# Assignment #25 Alphabet



## Nikon Fan (Oct 11, 2005)

(Sorry this is a day late) Popular Photography or maybe it was rangefinder magazine had pictures once that people had taken to represent each letter of the alphabet, but they weren't actually letters, for example you could use tree limbs that looked like an A to represent A, soooo for this weeks assignment, spell out your username using objects that represent letters...so those that have short usernames this should be easy...as always you have until next monday when a new assignment will be posted.  

I'll try and find an example to clarify this a bit...but if you have questions I'll do my best to explain...

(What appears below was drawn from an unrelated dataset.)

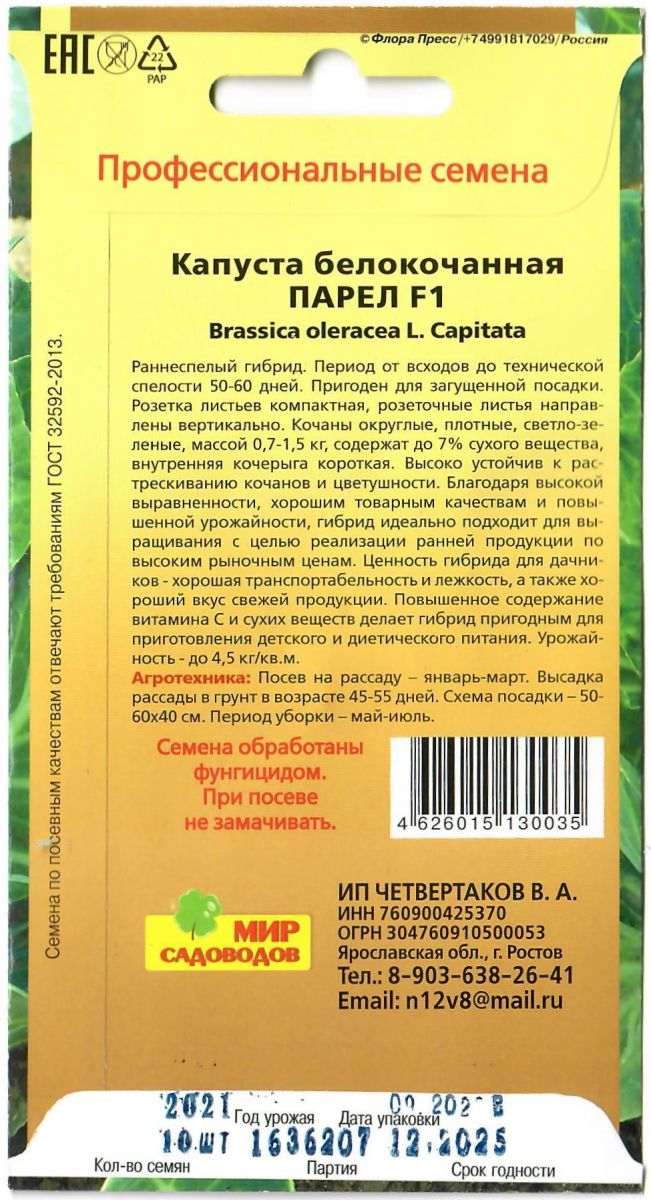 Капуста Парел б/к F1 10 шт (Мир садоводов)

EDIT: Still looking for the examples...


----------



## SlySniper (Oct 11, 2005)

Like this?








If you want to know all the stuff I used just ask me.


----------



## Corry (Oct 11, 2005)

That's awesome!


----------



## SlySniper (Oct 11, 2005)

core_17 said:
			
		

> That's awesome!


 
Thanks!!   I took me a while to get all the stuff, I thinka round 30 minutes.


----------



## Nikon Fan (Oct 11, 2005)

Just like that  Very cool and thanks for posting it, now I can quit trying to find that example


----------



## LaFoto (Oct 12, 2005)

Well, you know that I take the Assignments quite seriously and always try to produce something new that goes with the theme, but for this - and only at the very beginning, I will get creative for this one, too!!! - I would so want to present this one once again: 






Ha, who played with his food here? Hm? Hm?


----------



## Corry (Oct 12, 2005)

That's awesome too Corinna! You guys rock!  I really need to get some time to do some of these challenges!


----------



## LaFoto (Oct 12, 2005)

The thing about this is - it is not new.
But I will come up with something new! Big promise!


----------



## ClickCrazy (Oct 14, 2005)

Hi everyone...I have been away for some time..Taking care of some personal matters..Now I am back and up ffor a challenge. Just give me a day or so to come up with something.

RJ


----------



## LaFoto (Oct 15, 2005)

Well, I have never forgotten about this week's assignment, and when my daughter came up with the "L-peanut" tonight, I knew what I had to do:






And although this is not really the place, I want to show you the "peanut-duckie" that adorns the end of the LaFoto-in-peanuts (with the F creatively put together by my son!), watching TV or me, the photographer, and the L-peanut as a close-up:





















No flash used in any of these, and only fun with the newly detected manual focus in the last four .
These assignments are such fun.
A pity that it's mostly just me who really cares.......


----------



## bethany138 (Nov 7, 2005)

question.. hmm.??   How did you get the peanut to stand up.. lol.


----------



## bethany138 (Nov 7, 2005)

also.. does it work for elephants!? lol. yeah.. that was corny.


----------



## Jeff Canes (Sep 19, 2007)

bump


----------